● **What needs to be done**
Make an exact copy of the entries, taking out every picture.

Supplied data section start

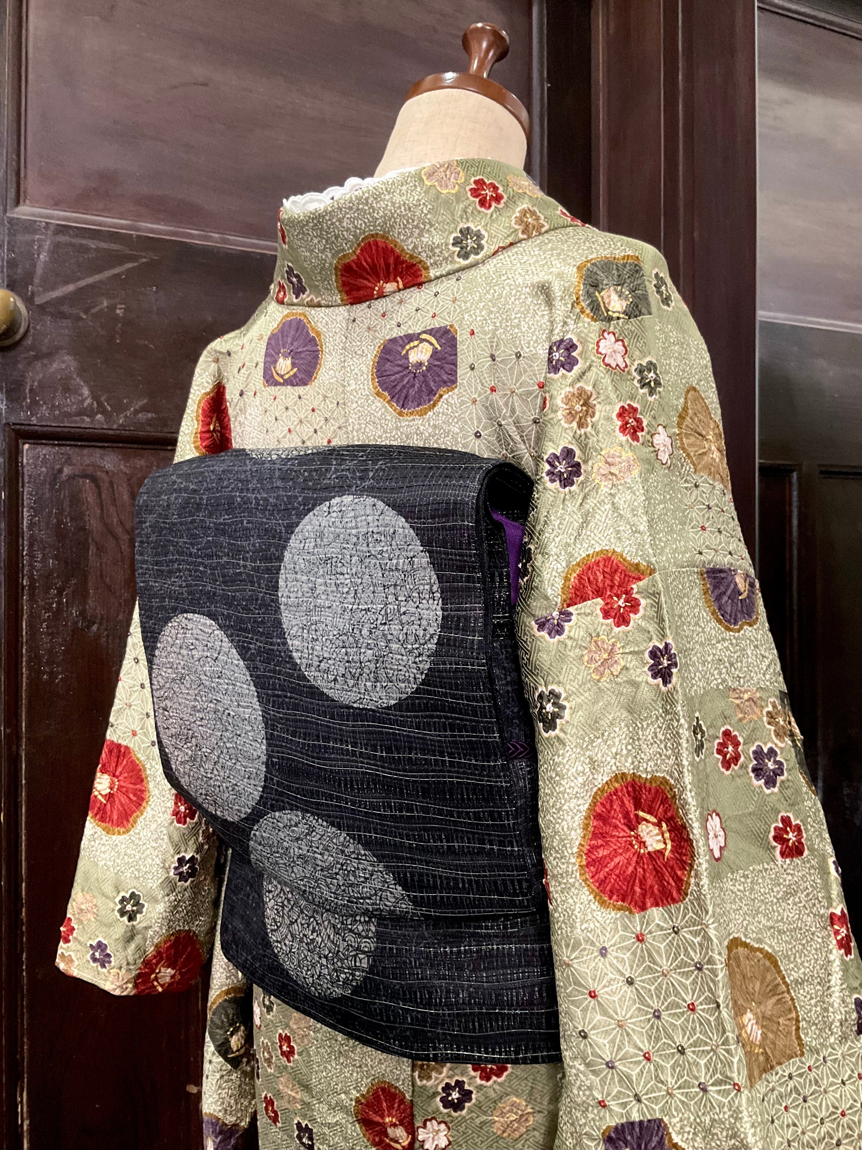 ブラック系の地色に、大きめのサークル模様がモダンなデザインの、洒落袋帯です♪
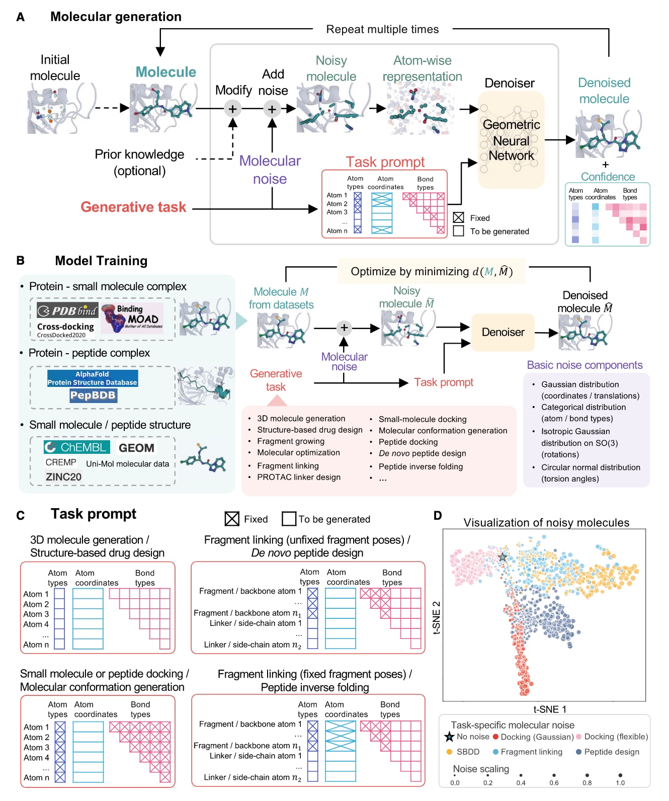 图1|PocketXMol框架。 (A)生成流程的示意图。(B)训练过程示意。PocketXMol采用通用去噪框架,整合来自多种分子类型的结构数据,在统一噪声空间中实现多任务联合建模。
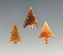 Set of 3 finely made Wallula points found in Wasco Co., Oregon. The largest is 3/4". |
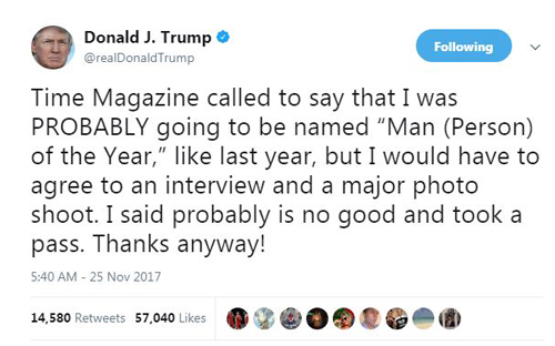 "Tạp chí Time đã gọi để nói rằng tôi CÓ THỂ sẽ được vinh danh là 'Người đàn ông (Nhân vật) của năm', giống như năm ngoái, nhưng tôi sẽ phải đồng ý trả lời phỏng vấn và chụp hình. Tôi nói có thể chẳng hay ho gì và từ chối. Dù sao cũng cảm ơn", USA Today dẫn tweet tổng thống Mỹ đăng tối qua.
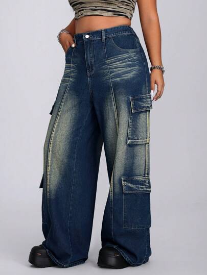 Jeanoix Plus Size Women Casual Denim Pants Baggy With Pockets And Button - Dark Wash - View 1
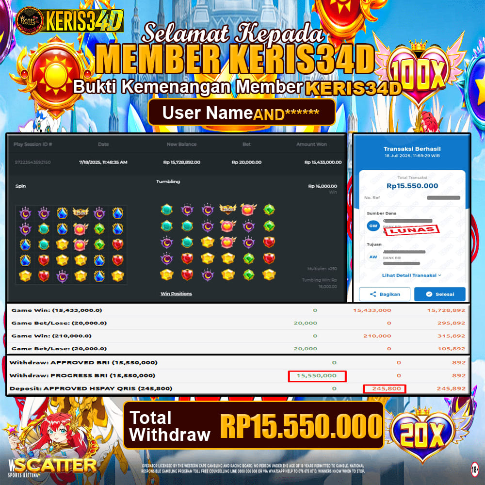 Setiap hari, member KERIS34D berhasil meraih jackpot besar dari berbagai provider slot ternama yang kami sediakan, seperti Pragmatic Play, Habanero, PG Soft, dan masih banyak lagi. Kami secara rutin menampilkan bukti screenshot atau rekapan kemenangan yang berhasil diraih, mulai dari kemenangan ratusan ribu hingga puluhan juta rupiah. Semua slip kemenangan ini kami hadirkan untuk membuktikan bahwa di KERIS34D, peluang menang itu nyata
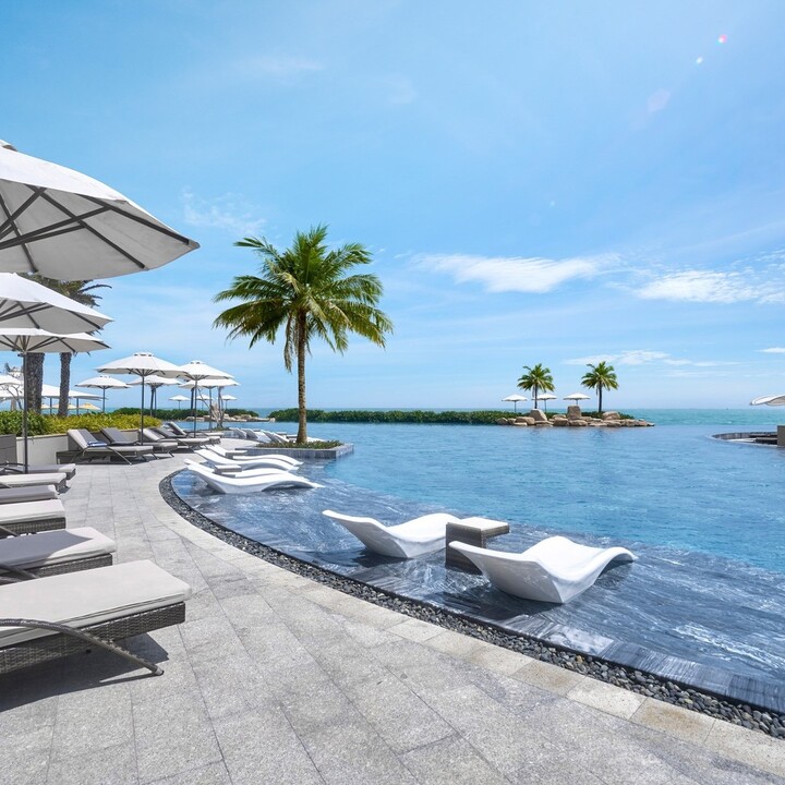 Bề mặt nhám của đá granite trắng khò là lựa chọn số 1 để lát quanh hồ bơi, vừa tạo cảm giác gần gũi với thiên nhiên, vừa đảm bảo an toàn cho người sử dụng.
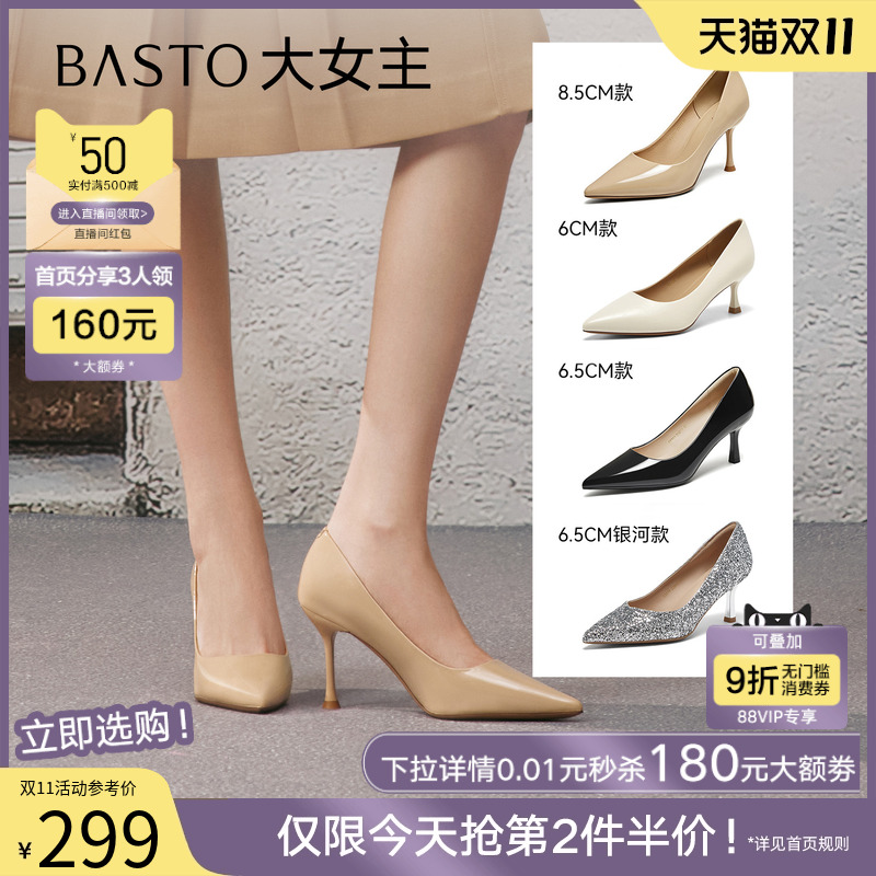 【大女主】百思图25秋新款裸色高跟鞋不累脚尖头女浅口单鞋婚鞋
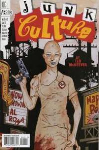 Junk Culture is a two-issue miniseries by Ted McKeever, about a pair of teenage twin girls. The fact that they’re both bald is the first clue that something about them is unusual, but they go off to school like any teenagers. As they confront some bullies after school, things quickly go strange. Can’t be normal when one of the girls recovers from accidental electrocution and promptly rips a man’s arm off. Things then get even stranger, as the girls arm themselves and begin slaughtering the authorities. The final standoff features a woman in an egg costume and a kidnapped crooner named Tony Roma. Turns out the girls were an experiment in artificial intelligence and were based on battle robots (which explains the deadly accuracy with weapons). The story benefits from being so brief, I think: you get a concentrated dose of Ted McKeever craziness that way.
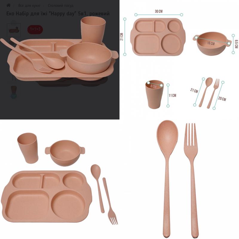 Эко набор для еды "happy day" 5в1, посуда розовый jooki, тарелочка секционная, вилка, ложк...

Supplied data section end

● **Written solution**
 ブラック系の地色に、大きめのサークル模様がモダンなデザインの、洒落袋帯です♪
 图1|PocketXMol框架。 (A)生成流程的示意图。(B)训练过程示意。PocketXMol采用通用去噪框架,整合来自多种分子类型的结构数据,在统一噪声空间中实现多任务联合建模。
 Set of 3 finely made Wallula points found in Wasco Co., Oregon. The largest is 3/4". |
 "Tạp chí Time đã gọi để nói rằng tôi CÓ THỂ sẽ được vinh danh là 'Người đàn ông (Nhân vật) của năm', giống như năm ngoái, nhưng tôi sẽ phải đồng ý trả lời phỏng vấn và chụp hình. Tôi nói có thể chẳng hay ho gì và từ chối. Dù sao cũng cảm ơn", USA Today dẫn tweet tổng thống Mỹ đăng tối qua.
 Jeanoix Plus Size Women Casual Denim Pants Baggy With Pockets And Button - Dark Wash - View 1
 Setiap hari, member KERIS34D berhasil meraih jackpot besar dari berbagai provider slot ternama yang kami sediakan, seperti Pragmatic Play, Habanero, PG Soft, dan masih banyak lagi. Kami secara rutin menampilkan bukti screenshot atau rekapan kemenangan yang berhasil diraih, mulai dari kemenangan ratusan ribu hingga puluhan juta rupiah. Semua slip kemenangan ini kami hadirkan untuk membuktikan bahwa di KERIS34D, peluang menang itu nyata
 Bề mặt nhám của đá granite trắng khò là lựa chọn số 1 để lát quanh hồ bơi, vừa tạo cảm giác gần gũi với thiên nhiên, vừa đảm bảo an toàn cho người sử dụng.
 【大女主】百思图25秋新款裸色高跟鞋不累脚尖头女浅口单鞋婚鞋
 Junk Culture is a two-issue miniseries by Ted McKeever, about a pair of teenage twin girls. The fact that they’re both bald is the first clue that something about them is unusual, but they go off to school like any teenagers. As they confront some bullies after school, things quickly go strange. Can’t be normal when one of the girls recovers from accidental electrocution and promptly rips a man’s arm off. Things then get even stranger, as the girls arm themselves and begin slaughtering the authorities. The final standoff features a woman in an egg costume and a kidnapped crooner named Tony Roma. Turns out the girls were an experiment in artificial intelligence and were based on battle robots (which explains the deadly accuracy with weapons). The story benefits from being so brief, I think: you get a concentrated dose of Ted McKeever craziness that way.
 Эко набор для еды "happy day" 5в1, посуда розовый jooki, тарелочка секционная, вилка, ложк...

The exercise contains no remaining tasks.